In your copy, leave out the pictures and reproduce the listing below exactly.

***** Data to examine *****

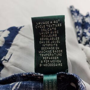 Ralph Lauren Womens Pants Large Navy Blue White Floral Linen Cropped Capri
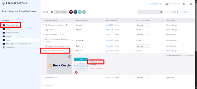 To add a Team Member to a single company, click the company name, and it will expand, then click "Additional Users" to add them. This will show up in their Shared with me folder. The shared folder is only used when an individual company is shared with you.
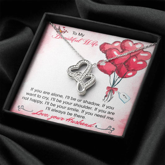 To My Lovely Wife - Forever Love Necklace - Love Your Husband - Lovely Wife -Romantic Wife Necklace - Anniversary Gift Double Hearts Necklace
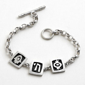 Sterling Silver vignette Bracelet. Hamsa, Chai and Pomegranate charms on a black Oxidized background. Measures 7″. Hand made by Emily Rosenfeld.
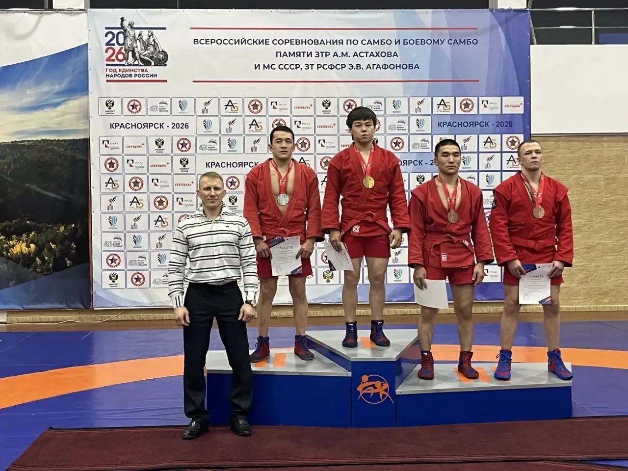 В Красноярске завершились Всероссийские соревнования по самбо памяти заслуженного тренера России, мастера спорта международного класса Э.В. Агафонова и заслуженного тренера РСФСР А.М. Астахова. Представители Республики Тыва показали впечатляющий результат, завоевав четыре золотые медали и одну бронзовую.
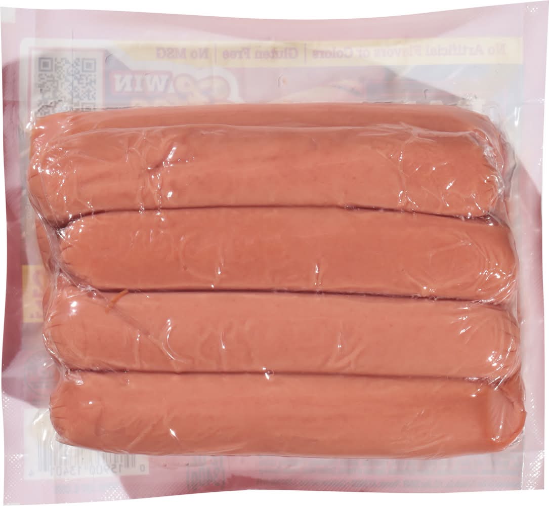 Ingredients: Mechanically Separated Chicken, Water, Corn Syrup, Salt, Pork, Contains 2% or Less of the Following: Beef, Modified Food Starch, Food Starch, Rice Flour, Flavorings, Sodium Phosphates, Potassium Lactate, Potassium Acetate, Sodium Diacetate, Sodium Erythorbate, Oleoresin of Paprika, Sodium Nitrite, Smoke Flavoring

*****

== The answer ==
 Ralph Lauren Womens Pants Large Navy Blue White Floral Linen Cropped Capri
 To add a Team Member to a single company, click the company name, and it will expand, then click "Additional Users" to add them. This will show up in their Shared with me folder. The shared folder is only used when an individual company is shared with you.
 To My Lovely Wife - Forever Love Necklace - Love Your Husband - Lovely Wife -Romantic Wife Necklace - Anniversary Gift Double Hearts Necklace
 Sterling Silver vignette Bracelet. Hamsa, Chai and Pomegranate charms on a black Oxidized background. Measures 7″. Hand made by Emily Rosenfeld.
 В Красноярске завершились Всероссийские соревнования по самбо памяти заслуженного тренера России, мастера спорта международного класса Э.В. Агафонова и заслуженного тренера РСФСР А.М. Астахова. Представители Республики Тыва показали впечатляющий результат, завоевав четыре золотые медали и одну бронзовую.
 Ingredients: Mechanically Separated Chicken, Water, Corn Syrup, Salt, Pork, Contains 2% or Less of the Following: Beef, Modified Food Starch, Food Starch, Rice Flour, Flavorings, Sodium Phosphates, Potassium Lactate, Potassium Acetate, Sodium Diacetate, Sodium Erythorbate, Oleoresin of Paprika, Sodium Nitrite, Smoke Flavoring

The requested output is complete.